##### Input records #####

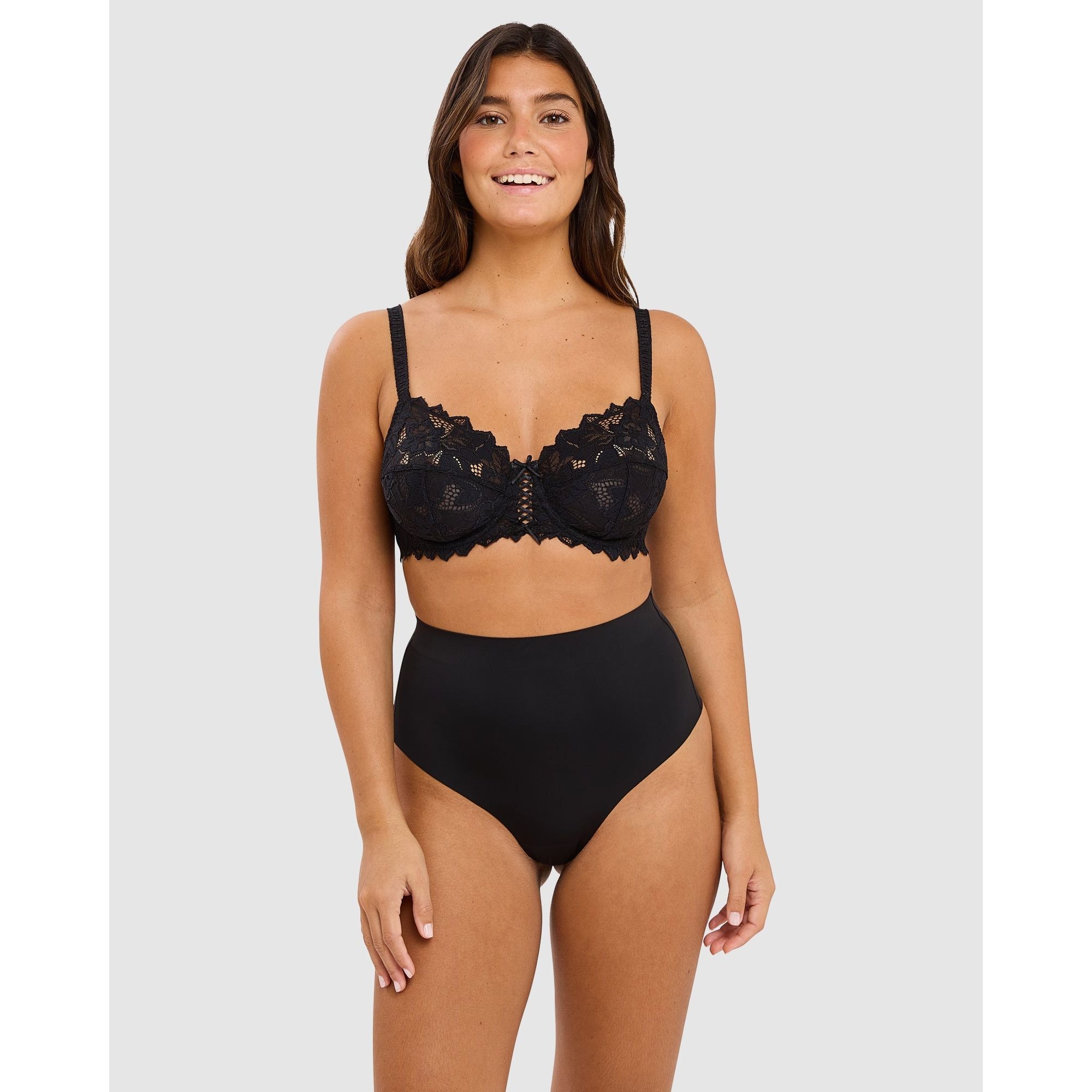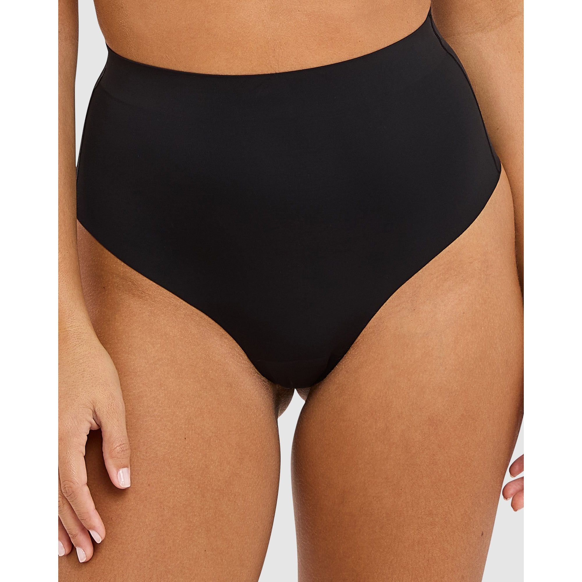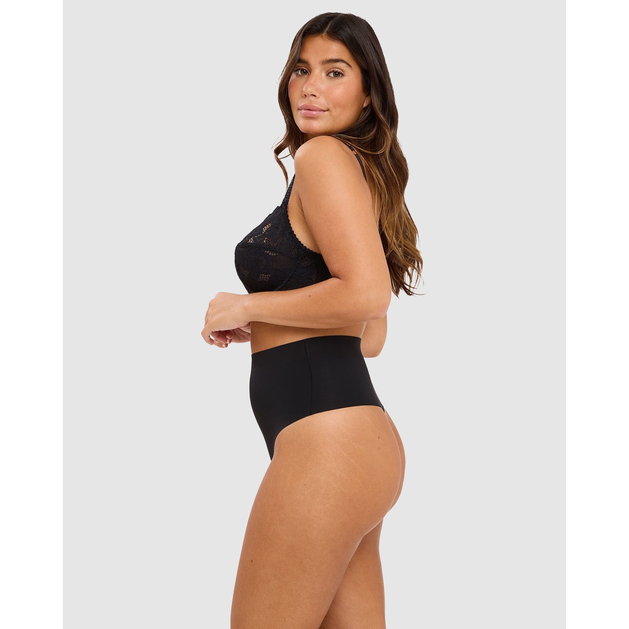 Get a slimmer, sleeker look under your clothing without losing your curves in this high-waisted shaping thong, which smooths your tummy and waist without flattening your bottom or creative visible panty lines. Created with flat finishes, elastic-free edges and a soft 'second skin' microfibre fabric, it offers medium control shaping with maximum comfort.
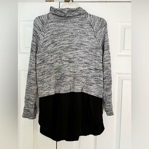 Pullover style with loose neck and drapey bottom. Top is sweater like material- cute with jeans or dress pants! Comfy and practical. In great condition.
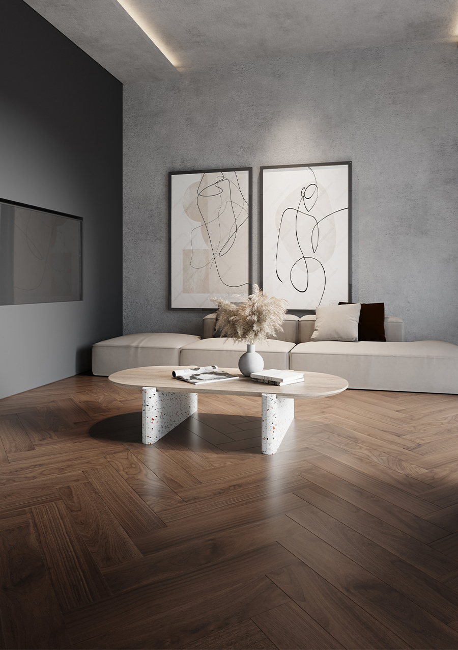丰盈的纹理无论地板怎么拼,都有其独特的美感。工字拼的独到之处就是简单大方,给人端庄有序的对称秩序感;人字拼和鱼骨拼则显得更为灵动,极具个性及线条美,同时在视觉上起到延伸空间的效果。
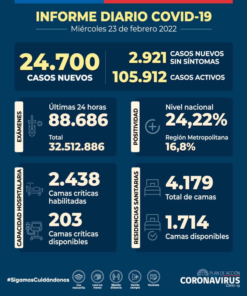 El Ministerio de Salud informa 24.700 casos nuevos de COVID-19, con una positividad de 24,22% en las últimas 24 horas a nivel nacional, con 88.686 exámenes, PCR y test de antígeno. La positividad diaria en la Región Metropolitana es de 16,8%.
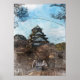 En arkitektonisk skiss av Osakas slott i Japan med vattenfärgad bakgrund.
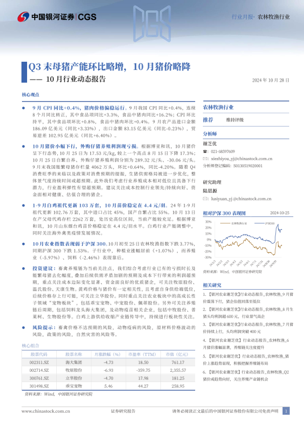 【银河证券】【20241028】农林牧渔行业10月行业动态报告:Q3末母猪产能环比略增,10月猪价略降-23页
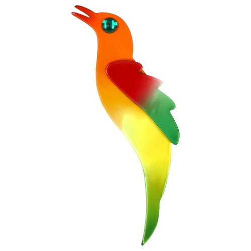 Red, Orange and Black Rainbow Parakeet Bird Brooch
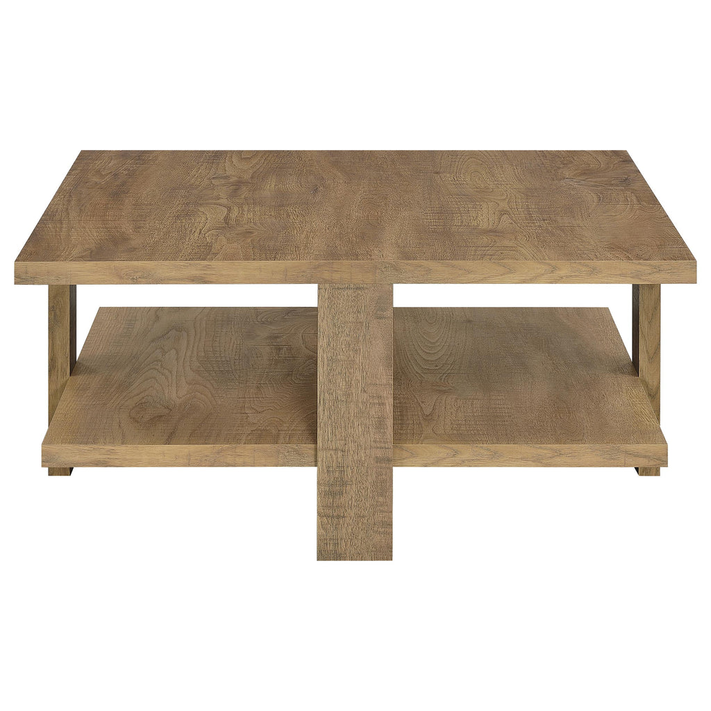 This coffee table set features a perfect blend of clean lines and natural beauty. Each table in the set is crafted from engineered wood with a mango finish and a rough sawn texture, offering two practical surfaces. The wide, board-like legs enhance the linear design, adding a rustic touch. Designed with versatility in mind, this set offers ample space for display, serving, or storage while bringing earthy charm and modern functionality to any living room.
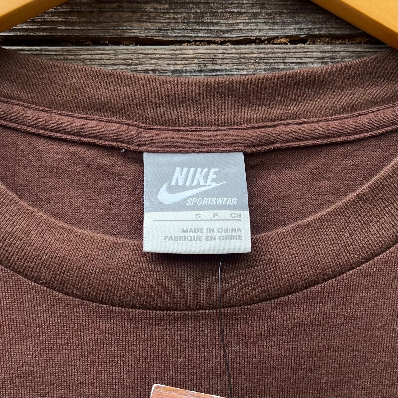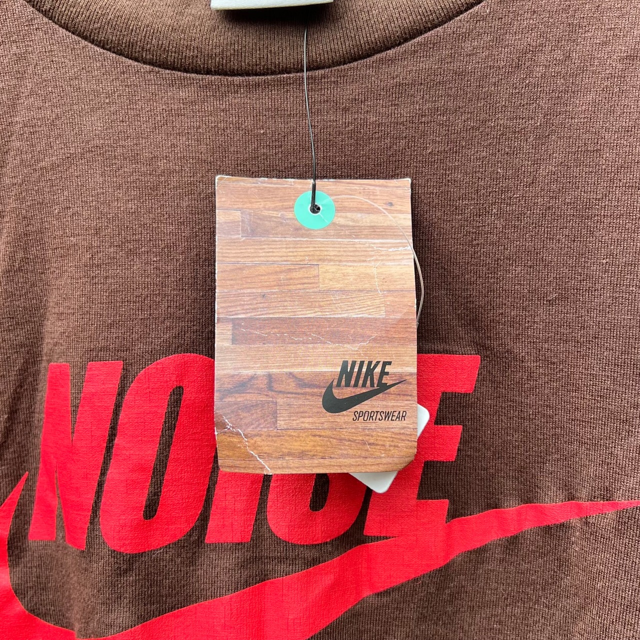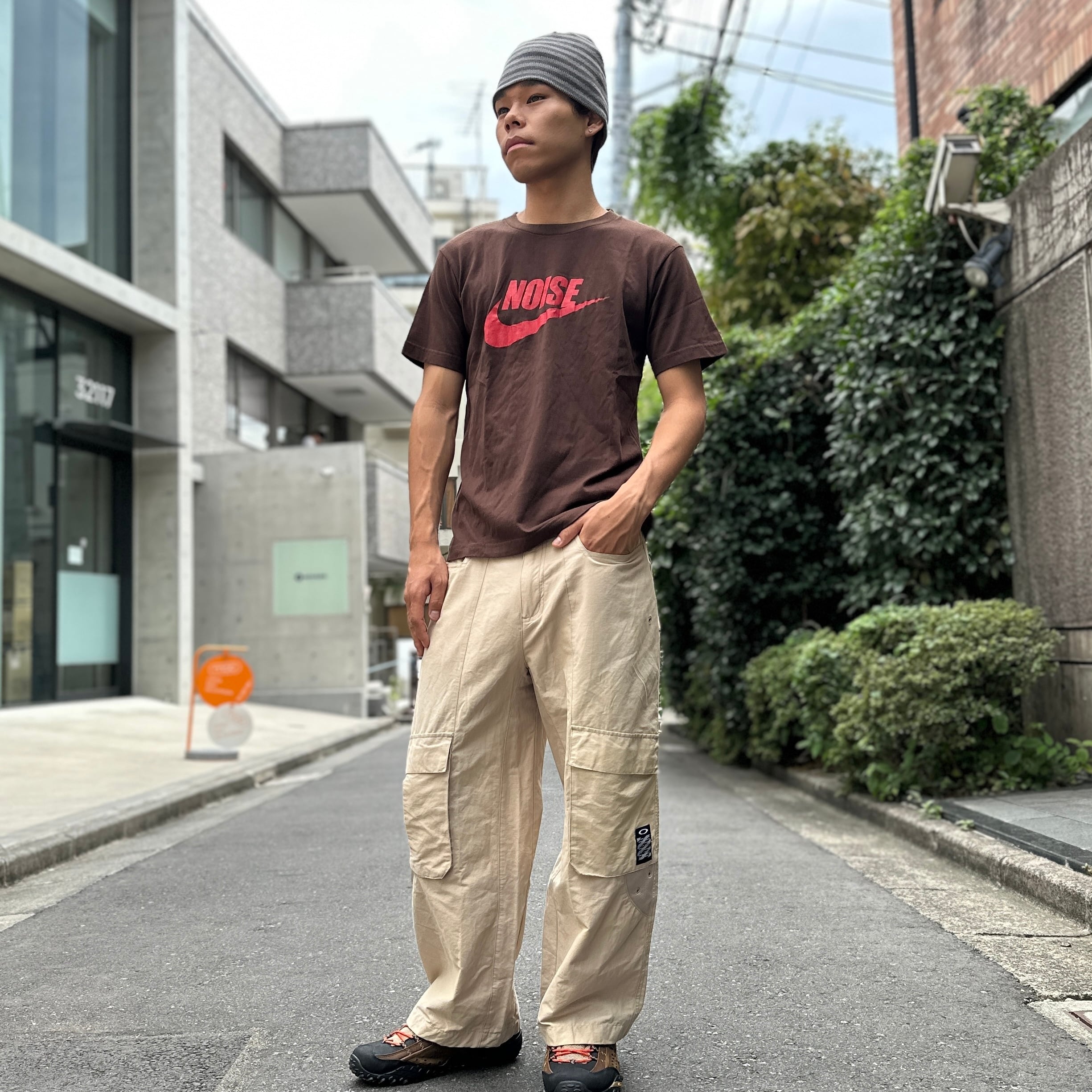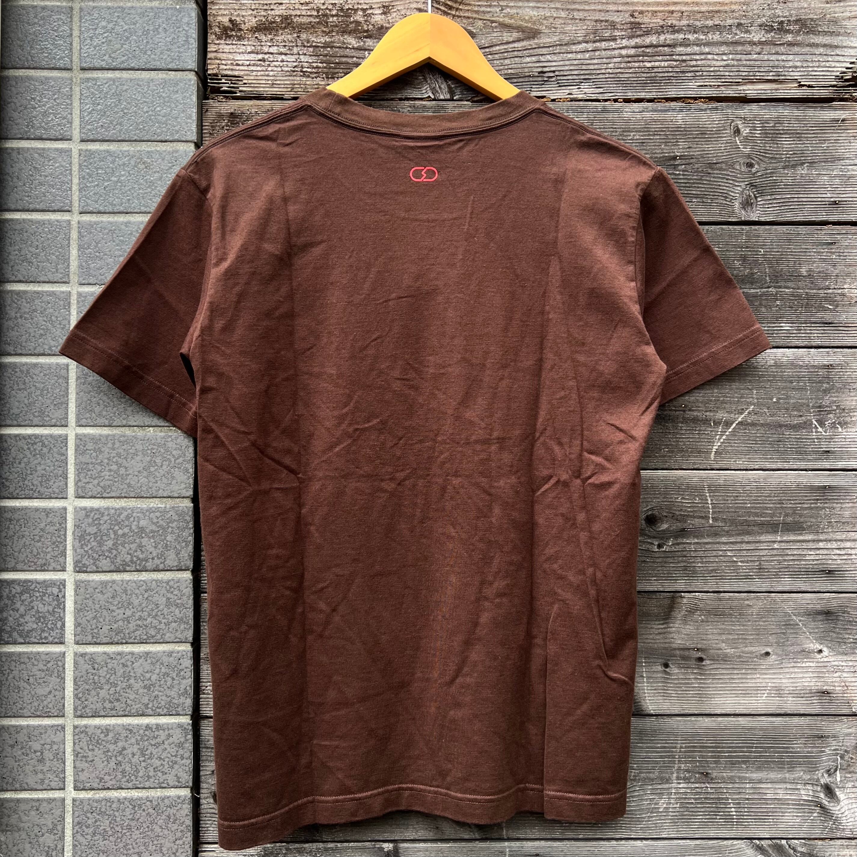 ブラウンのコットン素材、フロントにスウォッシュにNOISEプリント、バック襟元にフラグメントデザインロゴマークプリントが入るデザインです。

#####

• How to complete this task: Only the text of the records above, copied exactly, should be returned; the pictures stay out.

• Task output:
 Get a slimmer, sleeker look under your clothing without losing your curves in this high-waisted shaping thong, which smooths your tummy and waist without flattening your bottom or creative visible panty lines. Created with flat finishes, elastic-free edges and a soft 'second skin' microfibre fabric, it offers medium control shaping with maximum comfort.
 Pullover style with loose neck and drapey bottom. Top is sweater like material- cute with jeans or dress pants! Comfy and practical. In great condition.
丰盈的纹理无论地板怎么拼,都有其独特的美感。工字拼的独到之处就是简单大方,给人端庄有序的对称秩序感;人字拼和鱼骨拼则显得更为灵动,极具个性及线条美,同时在视觉上起到延伸空间的效果。
 El Ministerio de Salud informa 24.700 casos nuevos de COVID-19, con una positividad de 24,22% en las últimas 24 horas a nivel nacional, con 88.686 exámenes, PCR y test de antígeno. La positividad diaria en la Región Metropolitana es de 16,8%.
 En arkitektonisk skiss av Osakas slott i Japan med vattenfärgad bakgrund.
 【银河证券】【20241028】农林牧渔行业10月行业动态报告:Q3末母猪产能环比略增,10月猪价略降-23页
 Red, Orange and Black Rainbow Parakeet Bird Brooch
 This coffee table set features a perfect blend of clean lines and natural beauty. Each table in the set is crafted from engineered wood with a mango finish and a rough sawn texture, offering two practical surfaces. The wide, board-like legs enhance the linear design, adding a rustic touch. Designed with versatility in mind, this set offers ample space for display, serving, or storage while bringing earthy charm and modern functionality to any living room.
 ブラウンのコットン素材、フロントにスウォッシュにNOISEプリント、バック襟元にフラグメントデザインロゴマークプリントが入るデザインです。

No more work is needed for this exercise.